# severum lip locking



## remarkosmoc (Oct 19, 2005)

I have a 150 with several sa/ca cichlids. Among these are 4 severums. The tank as a whole is very peaceable. I've had no aggression at all in the tank since it was set up about a year ago. Today I decided to do one of my "back burner" projects.

There had been a lot of digging going on and I was worried that my granite rockwork might topple and hit the glass. I removed all the inhabitants to a rubber maid of tank water and remove all rockwork and gravel (and water) and installed egg crate to protect the bottom of the tank. I filled the tank, added prime and got the temp to match the rubber maid and put everyone back in.

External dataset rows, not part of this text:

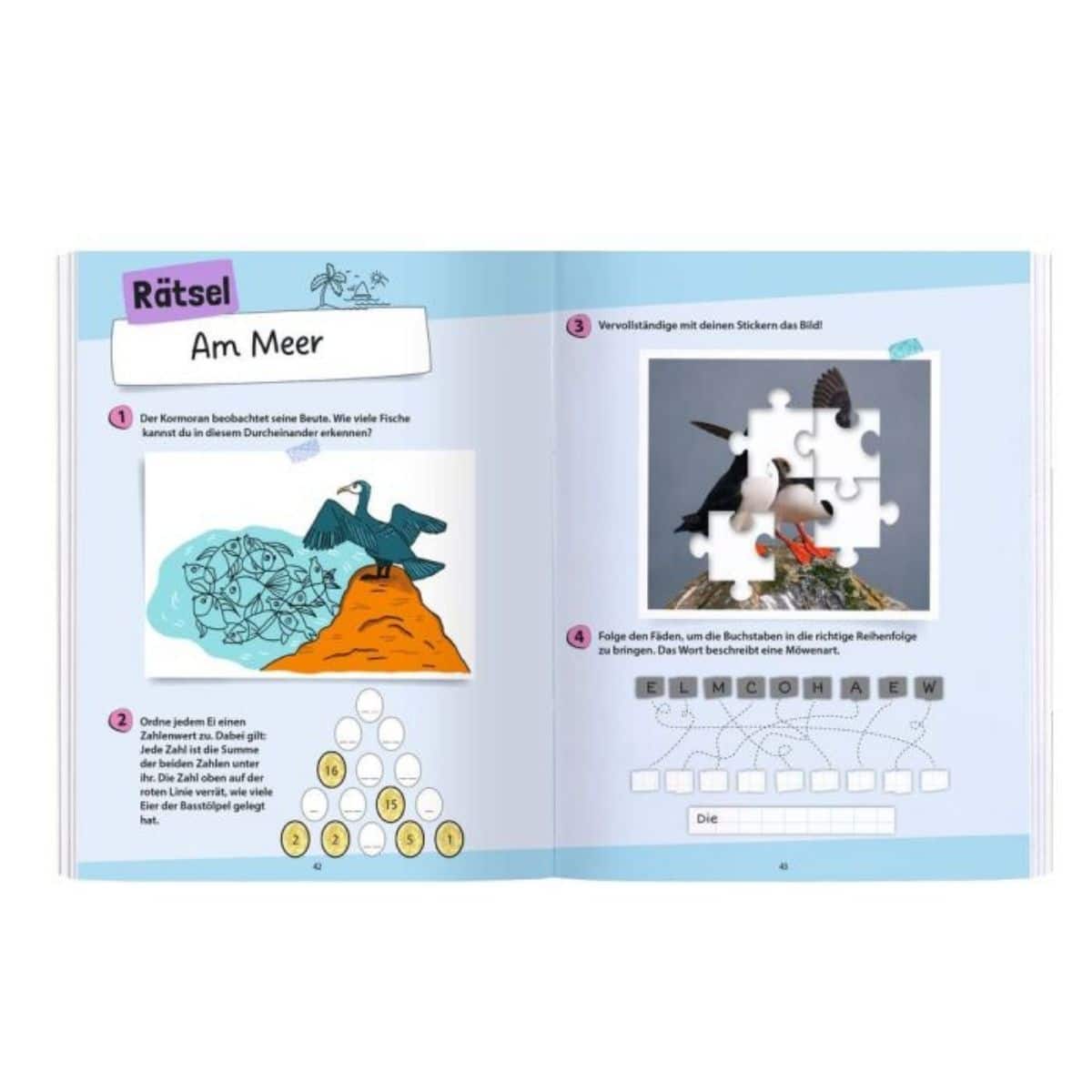 Das Buch kombiniert Naturführer, Rätsel und Sticker in einem: Kinder können Vögel bestimmen, Labyrinthe lösen, Suchbilder entdecken und spannende Aufgaben rund um Vögel und ihre Lebensräume meistern. So wird das Lernen über Vögel zu einem großen Abenteuer.
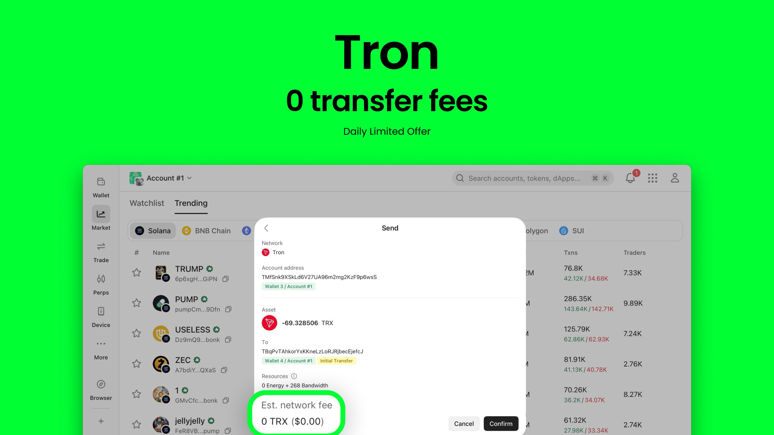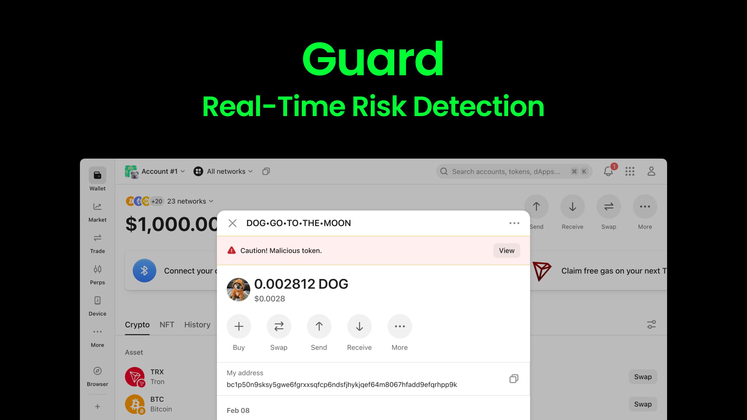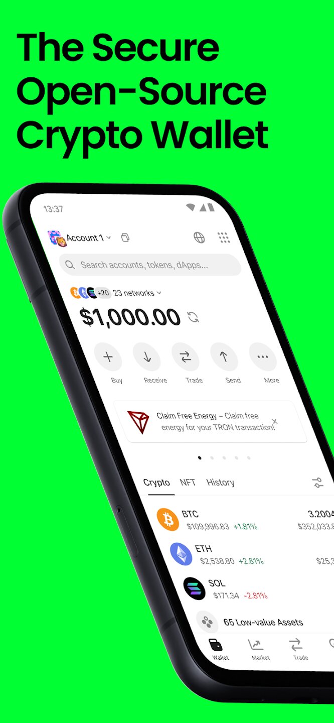 - МНОГОЦЕПНАЯ ПОДДЕРЖКА. Биткойн, Lightning Network, Solana, Ethereum, Aptos, Near, STC, DOGE, LTC, Tron, цепи EVM (BSC, Arbitrum, Avalanche, Optimism, Polygon, CELO, CRO, FTM, HECO, OEC, xDai и настроенная сеть EVM).
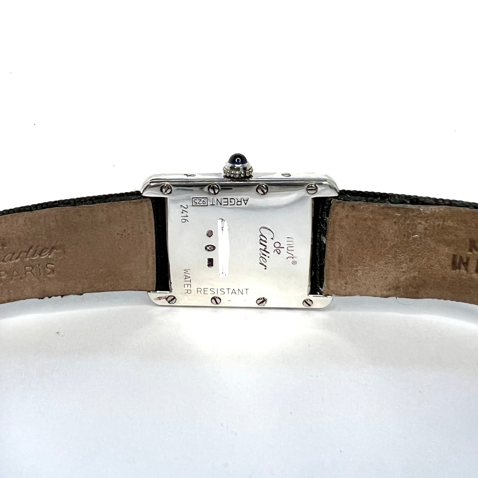 • Case: Sterling Silver stamped Must de Cartier, Argent 925, Water Resistant, 2416 and Serial Number.

This was about a half hour ago and every 3 or 4 minutes two of the severums do a lip lock dance for 30-40 seconds. I am wondering if they decided to spawn in all the commotion or if they are just fighting out for new territories in their "new" tank.

What do you guys think?


----------



## cichlidaholic (Dec 7, 2005)

They are probably just trying to re-establish territories, since you just moved everything around. They should settle in soon!


----------



## remarkosmoc (Oct 19, 2005)

I watched them for about 15 minutes this morning and all seems peaceful now.


----------



## cc_woman (Jan 31, 2008)

I know some species of fish will lip lock when they are choosing mates, but since you just moved them, and stress definitely will not help them spawn, I think it is just them establishing territories as well


----------